Ему еще и двадцати не исполнилось, но темно-каштановая борода уже делилась надвое. У него было широкое умное лицо, глаза же будто вбирали все без остатка. Его спутник кивнул. Тот, кто оставил здесь младенца, наверняка рассчитывал, что кто-нибудь из прохожих сжалится.
– Сколько ему, по-твоему?
– Месяца три, – ответил Булл.
– Гилберт, он на тебя глядит. – (В малыше даже сейчас угадывался мальчик, и он, конечно, с интересом таращился на тучную фигуру Булла.) – Жаль его, – продолжил младший.
Нежеланные младенцы иногда заканчивали жизнь в реке.
Булл вздохнул. У него был большой дом. Он, безусловно, мог позволить себе взять малыша.
– Я бы приютил его, – начал он, – но риск…
Досказывать было незачем. Оба поняли.
Ребенок мог нести смерть.
Мрачная память. С первого появления миновало тринадцать лет. Астрономы предупреждали об ужасной катастрофе, но к ним не прислушались.

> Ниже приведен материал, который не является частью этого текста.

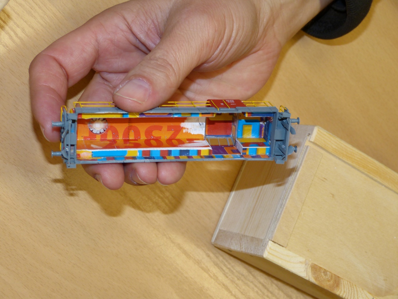 A REKO és az Y-os kocsik egyen festést kaptak, igaz csak a tetők lettek festve, de így szerintem jobban mutatnak majd egy szerelvénybe mint ha mindegyiknek különböző színű tetővel lett volna. |
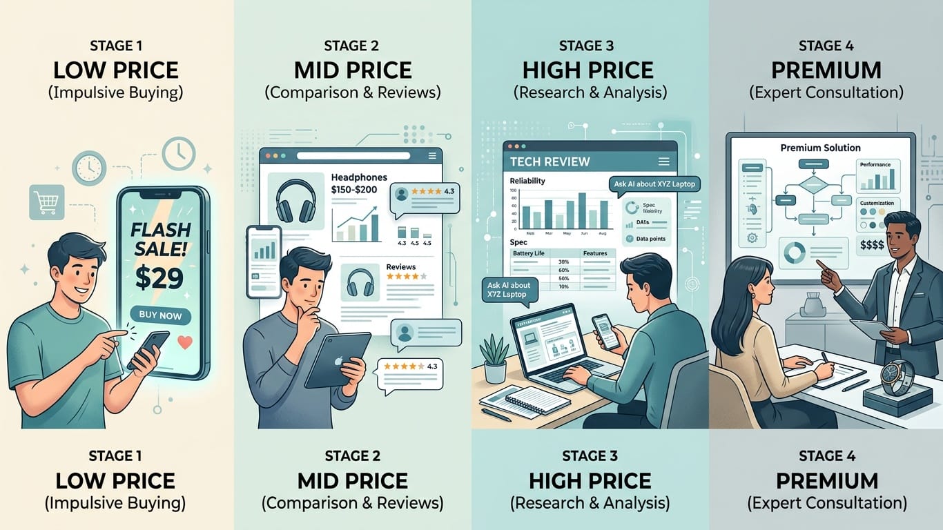ขอบคุณรูปภาพจาก Shutterstock Prompt: A conceptual illustration of modern consumer decision-making based on price tiers, showing a progression from impulsive buying to deep research. Visualize 4 stages: low price (quick emotional decision), mid price (comparison and reviews), high price (research and analysis), and premium (expert consultation). Include elements like smartphone with AI assistant, charts, product comparisons, reviews, and thoughtful consumer. Clean, modern, editorial style, soft lighting, minimal color palette, marketing article illustration, high resolution
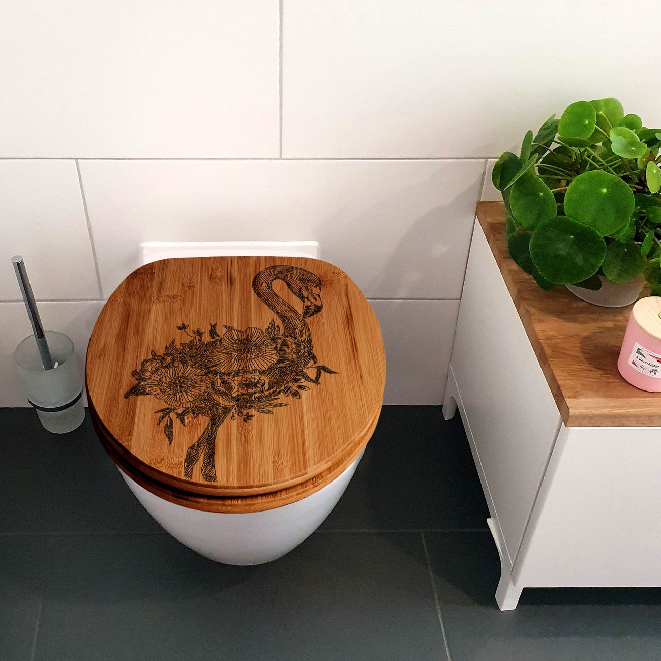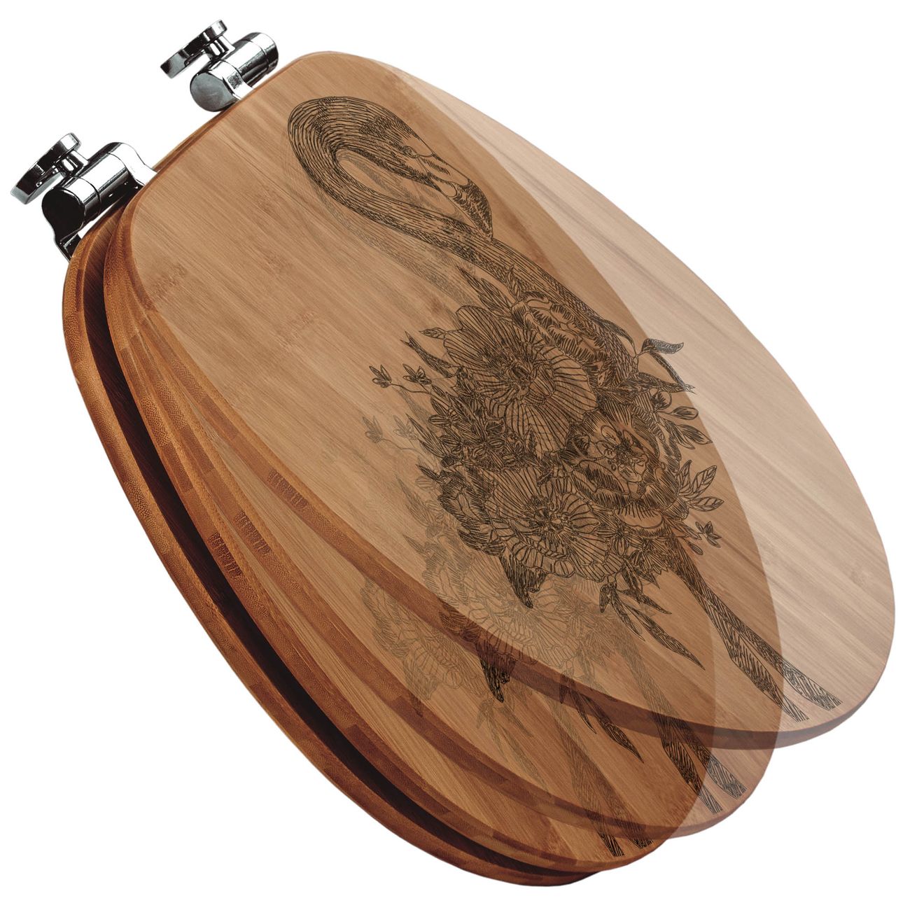 Design WC-Sitz Bambus Absenkautomatik Gravur Flamingo Blumen
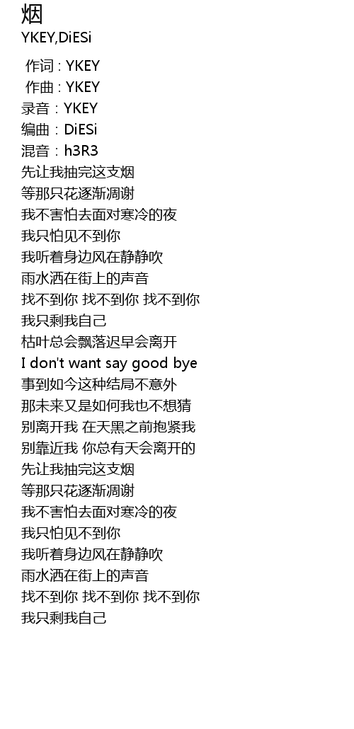 | [01:19.660] | 别靠近我 你总有天会离开的 |
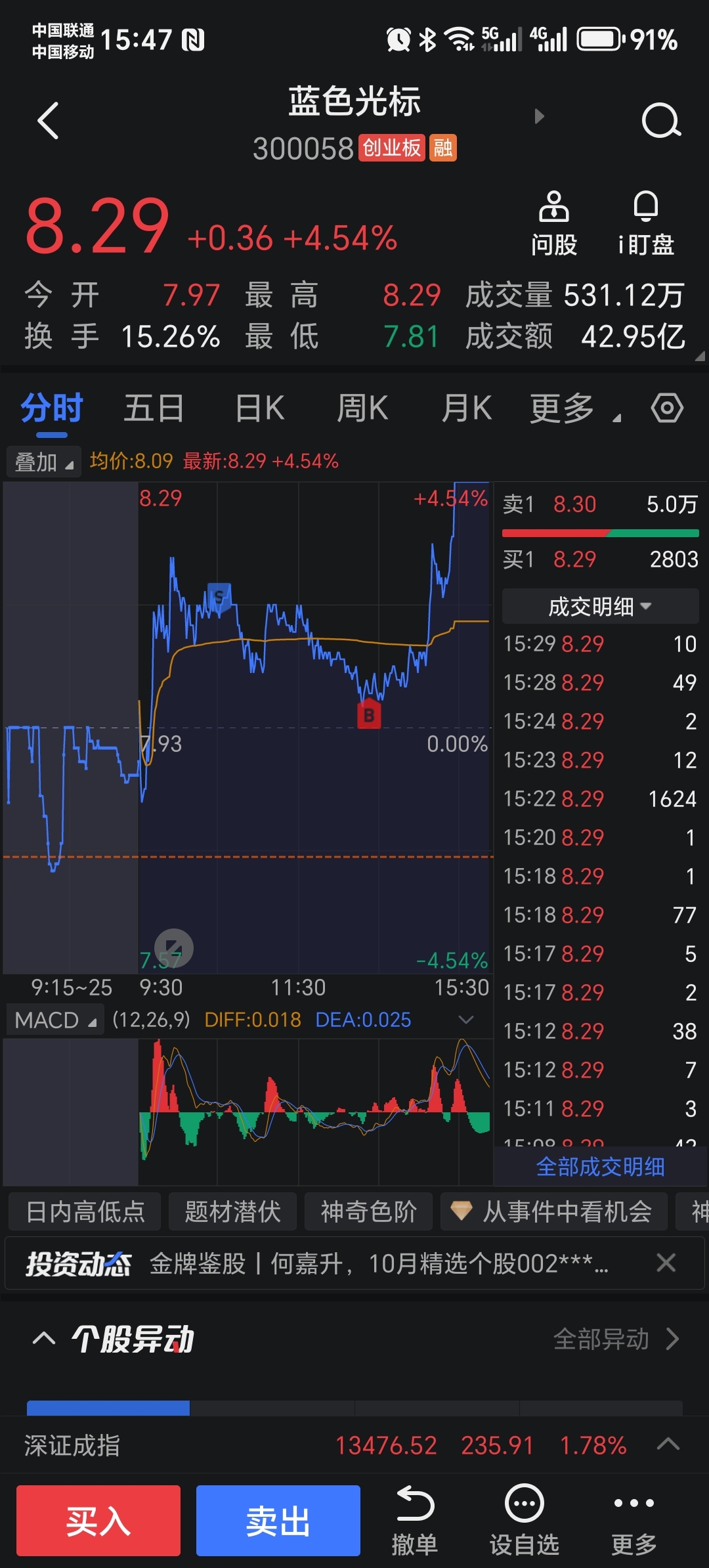 $蓝色光标(SZ300058)$ 8.10卖飞了

За год до того случился неурожай, и многие лондонские бедняки голодали. Зима выдалась лютой. А затем хлынул дождь. Дождь, не стихавший дни напролет. Дождь, которого хватило, чтобы Темза вышла из берегов и подступила к Ладгейту. Дождь, потоками сбегавший по склонам Корнхилла и переполнявший желобы Уэст-Чипа. Дождь, заливавший стоки, затоплявший улицы и превращавший проходы между домов в черные грязевые лужи. Дождь, наполнявший подвалы илом, вонь от которого пробивалась между половиц. Дождь, топивший по криптам крыс. Дождь просочился до самых печенок города. Но ни один город, даже Лондон, не мог содержать столько влаги, и когда ненастье наконец закончилось, древнее место могло лишь потеть накопленным злом, исторгая под желтоватым солнцем дыхание сырое, нездоровое и отвратительное.
А дальше, в начале того лета 1348 года, пришла чума.
Она успела опустошить значительную часть Европы и распространялась с удивительной скоростью. Черная смерть выкосила Британский остров, умертвив, вероятно, треть населения. Удар наносился неожиданно. На коже появлялись ужасные язвы и опухоли, за ними следовала лихорадка, потом забивались легкие, и через несколько дней, как правило, наступала смерть. Великий мор – так это было названо.
Для Гилберта то было тяжкое воспоминание. В день, когда болезнь достигла Лондона, он уехал в Боктон и жил там с семьей месяц. По распоряжению отца поместье было практически запечатано. Обитатели особняка и селения не выходили, пришельцев же не впускали. Всем скопом они выжидали, обозревая величественную панораму кентского Уилда. И чума Божьей милостью прошла мимо них.
Вернувшись в город, Булл обнаружил, что мир изменился. В глубинке, где собрала свою жатву Черная смерть, остановилась чуть не всякая работа, и землевладельцы соперничали между собой в поисках рук для обработки земли. Старая система крепостных сервов рухнула навсегда. В городах пустовали целые улицы с домами как частными, так и многоквартирными. Случилось и еще кое-что. Его любимая скончалась со всей ее семьей. Никто так и не сказал ему, где они похоронены.